Zwei Länder waren bei der Gründung des Verbandes der Deutschen Industrie-Designer: Baden-Württemberg und Großbritannien. Mit etwas „Wortkunst“ lässt sich daher formulieren, dass der frühe VDID von Entwicklungen in B(aden-Württemberg)&B(ritannien) geprägt war – wobei Bed&Breakfast für die tägliche Arbeit sicherlich ebenso von Bedeutung war. Der VDID wurde in zwei konstituierenden Sitzungen am 05. bzw. 17. April 1959 in Stuttgart gegründet. Diese Initiative für einen Berufsverband für alle Industriedesigner in Westdeutschland ging von einer Gruppe von Gestaltern in Baden-Württemberg aus. Es ist wenig verwunderlich, dass sich der Verband in der Landeshauptstadt am Neckar konstituierte und nicht an einem anderen Ort in der noch jungen Bundesrepublik. Denn der frühe VDID war von Personen aus dem Bindestrichland im Südwesten geprägt.
Die Mitglieder des ersten Vorstandes lebten Ende der 1950er Jahre im weiteren Umkreis von Stuttgart. In dem Vorstand wurden folgende Personen gewählt:
1. Vorsitzender: Hans Th. Baumann (Schopfheim in Baden),
Geschäftsführer: Günter Kupetz (Geislingen an der Steige),
Schriftführer: Arno Votteler (Stuttgart),
Schatzmeister: Erich Slany (Esslingen am Neckar),
ordentliches Vorstandsmitglied: Rainer Schütze (Heidelberg).1
Mindestens ebenso wichtig war die Teilfinanzierung durch das Landesgewerbeamt Baden-Württemberg. Besonders große Unterstützung im Bezug auf juristisches Fachwissen und Finanzmittel erfuhr der VDID in seiner frühen Phase durch den LGA-Präsidenten Josef Thuma und seinen späteren Nachfolger Karl Reuss.
Das zweite Land, welches prägend für die Gründung des VDID wurde, war Großbritannien. Die sieben Gründer des VDID wählten für ihren Verband nicht zufällig das Wort „Design“. Statt den damals üblicheren Begriffen wie „Formgebung“ oder „Gestaltung“ orientierten sie sich bewusst an Entwicklungen im angelsächsischen Sprachraum. Als Grundlage für die eigene Designdefinition wählte der VDID die Präzisierung von Paul Reilly (1912-1990) – langjähriger Mitarbeiter und Direktor des Council of Industrial Design in London – und nicht etwa den Alternativvorschlag eines Designverständnisses in Anlehnung an den US-Amerikaner Harold van Doren (1895-1957).
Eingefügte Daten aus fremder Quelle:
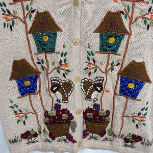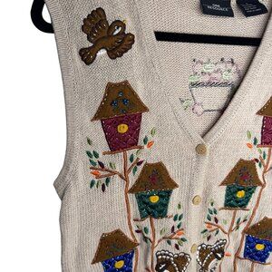 Vintage One Resource Beige Button-Up Sweater Vest Birdhouse Embroidered Sz S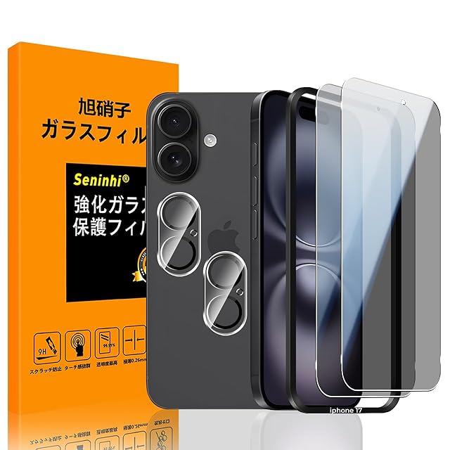 対応 iPhone 17 ガラスフイルム のぞき見防止 【 iPhone17 フイルム(2枚入り) カメラフィルム(2枚入り) ガイド枠 】強化ガラス アイフォン17 保護フィルム 【撥油性 超耐久 高光沢 超薄型 液晶 硬度9H 防指紋 衝撃吸収 貼り付け簡単 高透過率 飛散防止 気泡なし極薄 ラウンドエッジ加工 のぞき見防止 横から見えない 】SENLX-FKIP17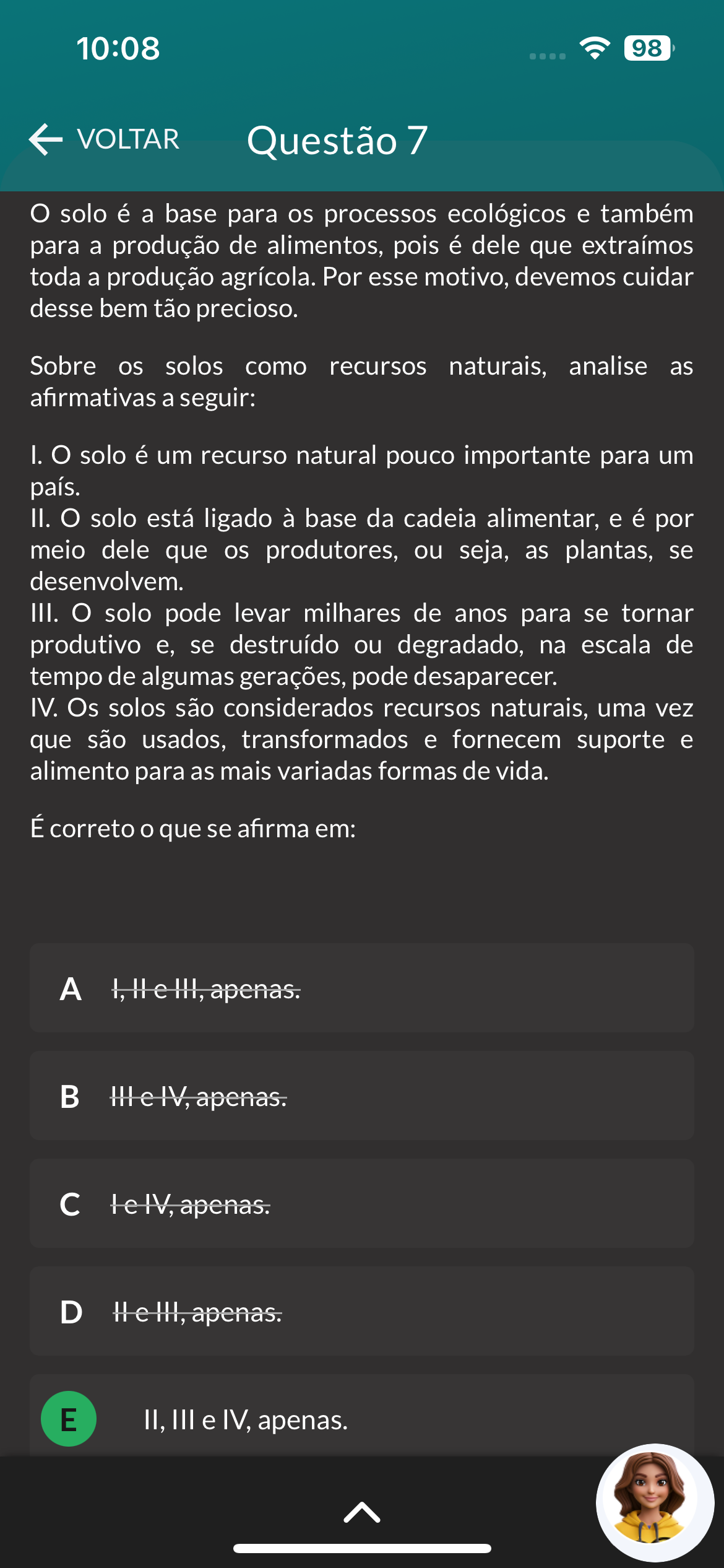 10:08 98 VOLTAR Questão 7 solo é a base para os processos ecológicos e também para a produção de alimentos, pois é dele que extraímos toda a produção agrícola. Por esse motivo, devemos cuidar desse bem tão precioso. Sobre os solos como recursos naturais, analise as afirmativas a seguir: I. solo é um recurso natural pouco importante para um país. II. solo está ligado à base da cadeia alimentar, e é por meio dele que os produtores, ou seja, as plantas, se desenvolvem. III. solo pode levar milhares de anos para se tornar produtivo e, se destruído ou degradado, na escala de tempo de algumas gerações, pode desaparecer. IV. Os solos são considerados recursos naturais, uma vez que são usados, transformados e fornecem suporte e alimento para as mais variadas formas de vida. É correto que se afirma em: A c D E II, III e IV, apenas.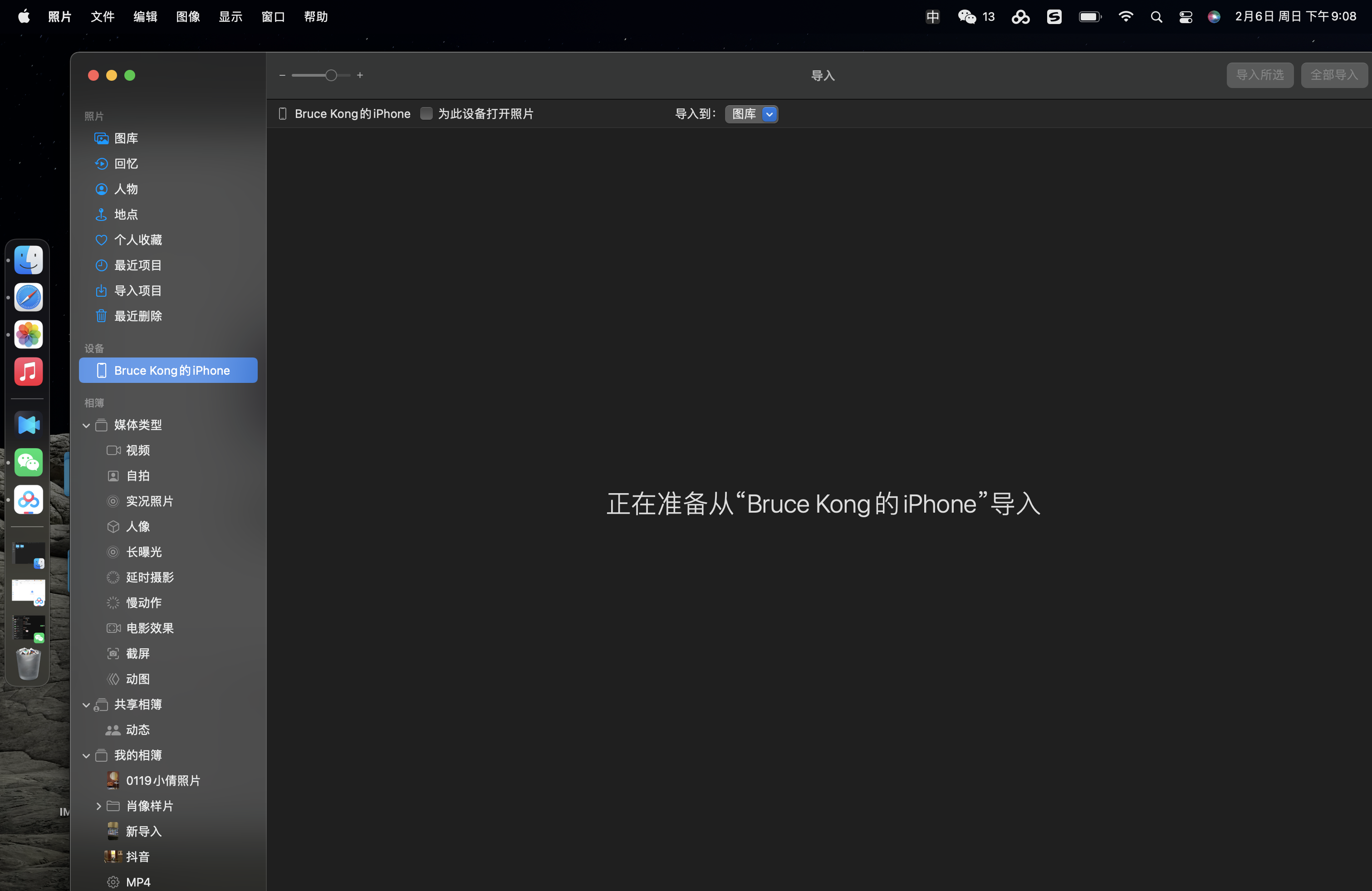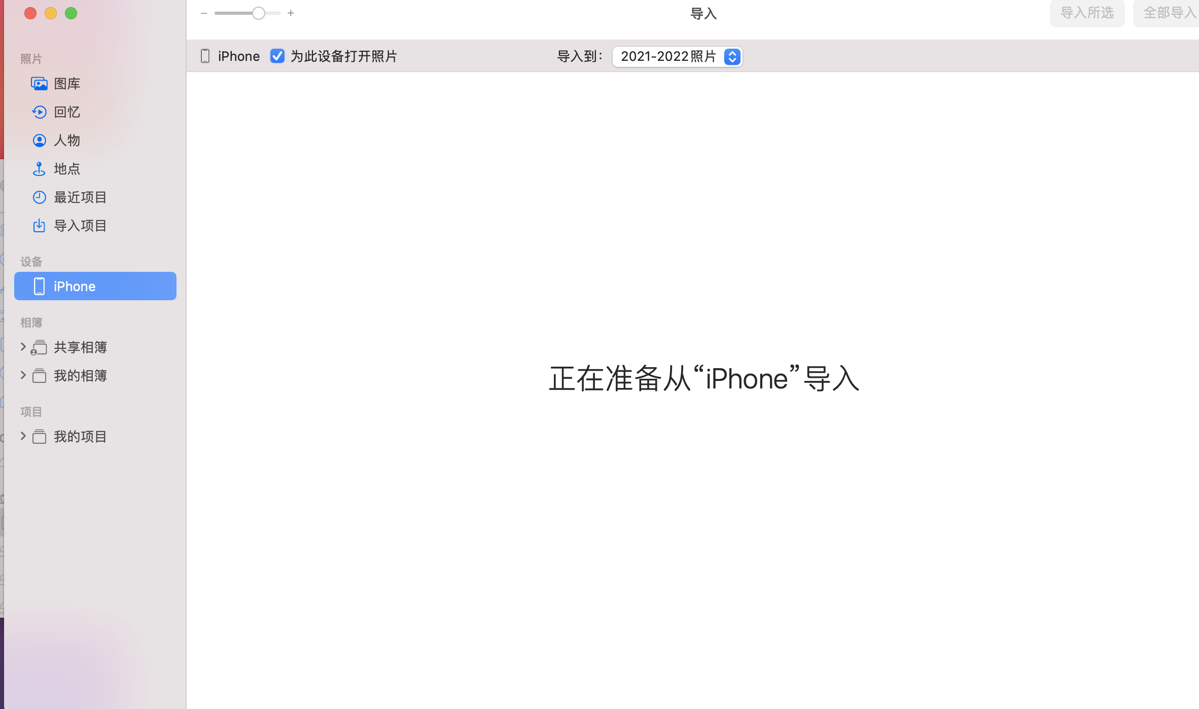 希望从iPhone导入照片到Mac的照片应用。Mac连接iPhone后,照片中对应设备页一直停留在:正在准备从iphone导入照片的页面。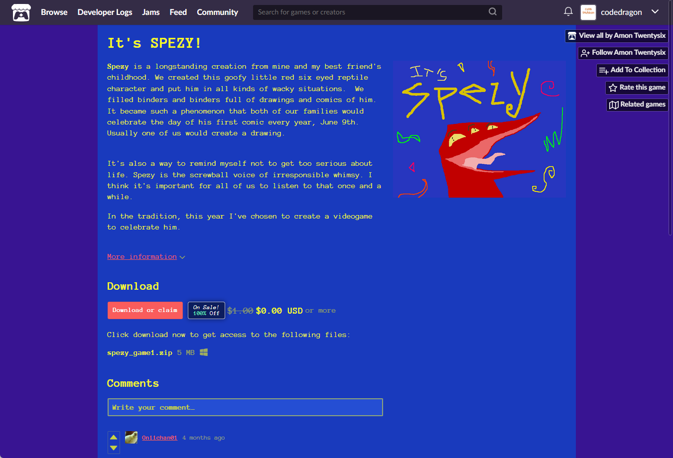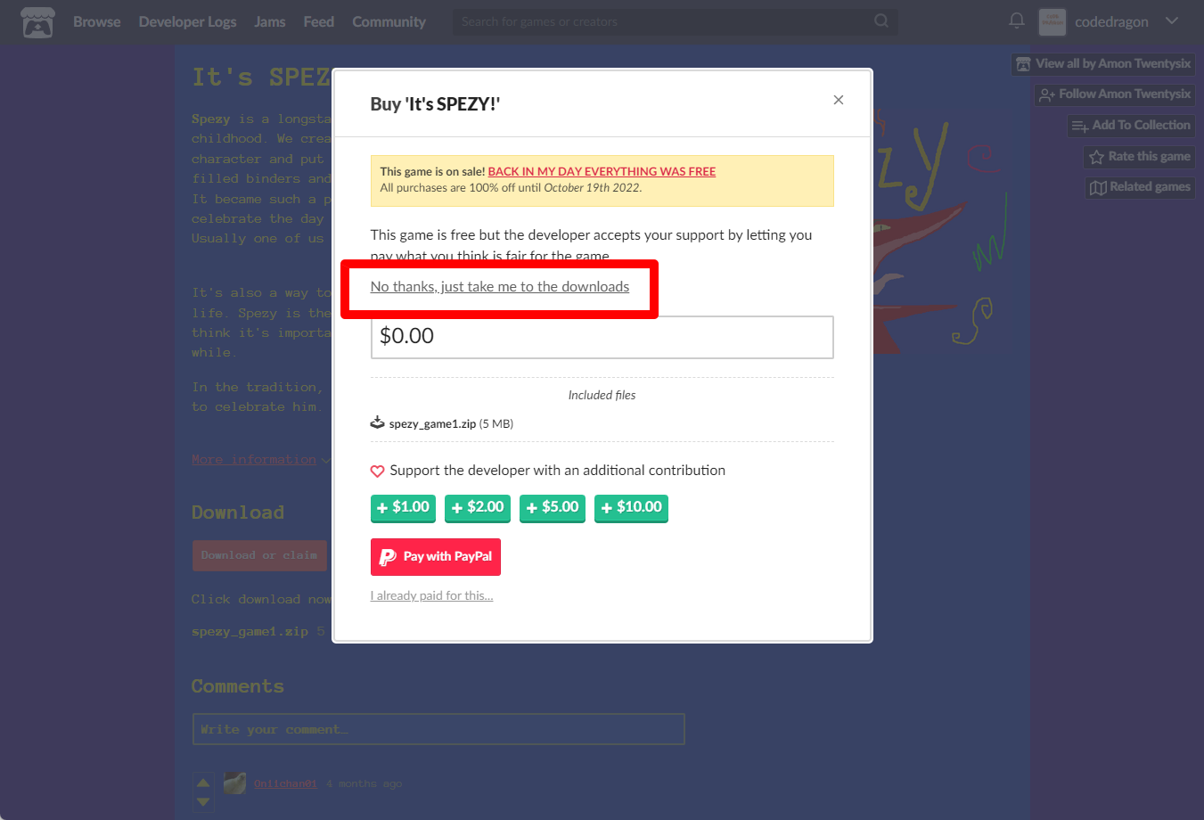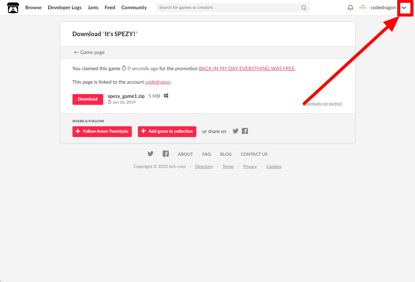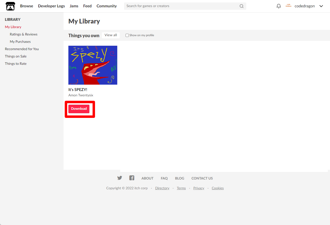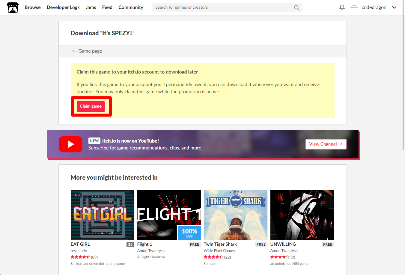 [Claim game]을 클릭하면 "It's SPEZY!" 게임이 나의 게임 라이브러리에 추가되고 설치파일을 다운받을 수 있는 페이지로 이동됩니다.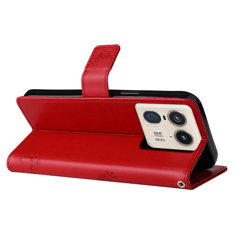 KT Imprinting Flower Series-3 For Motorola Moto X50 Ultra 5G / Edge 50 Ultra 5G Case Imprinted Wallet Leather Phone Cover - Red

Ausschlaggebend war auch, dass der weltweite Dachverband der Industriedesigner ICSID sich ebenfalls auf diese Definition von Industriedesign geeinigt hatte.
An diesem Beispiel Großbritannien wurde jüngst gezeigt, wie Designgeschichte und Digital Humanities konstruktiv zusammengebracht werden können. In ihrem Beitrag „Exploring the Disciplinary Reach and Geographic Spread of the British Design Professions 1959-2010“ zum Digital Humanities Congress von 2012 untersucht nämlich Leah Armstrong zusammen mit ihren Kolleg_innen die Entwicklung der britischen Designer seit Ende der 1950er Jahre. Mit Hilfe von computer-analytischen Werkzeugen bearbeiteten sie Verbandsprotokolle, Mitgliederkarten und Publikationen auf und zeigen dadurch in ihrem Beitrag, wie die geographische und zeitliche Verteilung der CSD-Mitglieder war. Besonders interessant ist dabei, dass die Chartered Society of Designers als Nachfolgerin der Society of Industrial Artists and Designers (SIAD) alle Formen von Designerberufen in sich vereinte. Im Gegensatz zu den bundesdeutschen Berufsverbänden sind daher alle Gestalterprofessionen in einem britischen Dachverband vereint und nicht wie beispielsweise beim VDID, BDG oder VDMD in separaten Verbänden. Armstrong et al. zeigt zusätzlich über ein „Heat Map Visualisation“-Werkzeug, wie sich die CSD-Mitglieder zeitlich und geographisch über Großbritannien verteilten.
Wenig überraschend bildet hierbei der Großraum von London das Zentrum. Würde man ein solches Projekt beispielsweise für den VDID durchführen, so wäre ein solches Zentrum – wie oben – angedeutet in der Frühphase aller Wahrscheinlichkeit nach Stuttgart.1) Informationen für die Mitglieder des Verbandes DID, Nr. 1. vom November 1959, S. 1.